Cavalier: StarDate 3/3, pp.181-184, author C. W. Hess, illustrator tbd. Inventive Ordnance article. Originally weighed 600 tons, had to be changed to conform to AT2 rules.  Stats otherwise identical, with the following exceptions: COURIER: (but not the transport) only carried 1 ton of ammo for each LRM launcher; doubled that to conform to AT2 requirement of 10+ shots per weapon; miraculously, the cargo tonnage remained the same. TRANSPORT: originally had 230 tons of cargo, separated into the two bays (150 and 80). However, it also stated that this space could contain up to 16 (!) light vehicles. Using the current rules, the available 242 tons cargo space became 4 light vehicles and 42 tons of cargo. Correspondingly, the following changes were undertaken in the text:
  changed tonnage from
600 to 800, 1st paragraph of "Description"
  changed tonnage from
100 to 200, 6th paragraph of "Description" (Small Craft Bay)
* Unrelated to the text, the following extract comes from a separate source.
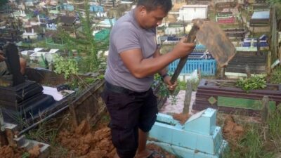 Jakarta. Bripka Joko Hadi Aprianto sehari-hari bertugas di Polsek Samarinda Ulu, Polresta Samarinda, ternyata ‘nyambi’ menjadi penggali kubur. Bripka
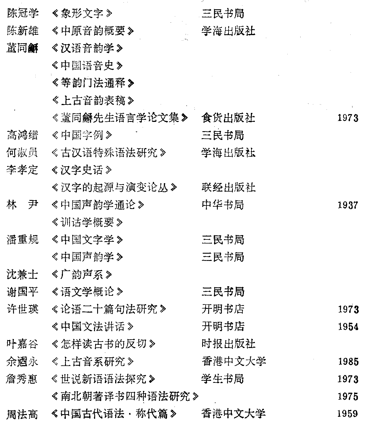 附:台湾、香港学者关于古汉语研究的专著举隅

changed 150 tons of equipment to 4 light vehicles, 7th paragraph of "Description"
  changed tonnage from
80 to 40, 8th paragraph of "Description" (an exact tonnage of 42 would have been unrealistic in the write-up)
  changed a pair of light ground vehicles to a light ground vehicle, 3rd paragraph "Notable Ships" (all that would fit)
AT1 armour allocation: Nose-90, Wings-75, Fuselage-140, Engine-100.

Ship quirk:
In fact, the compartment is so crowded that there is only enough room for two sets of weapons targeting controls, meaning weapons may only be targeted and fired from two arcs per turn. Cut from 12th paragraph of "Description".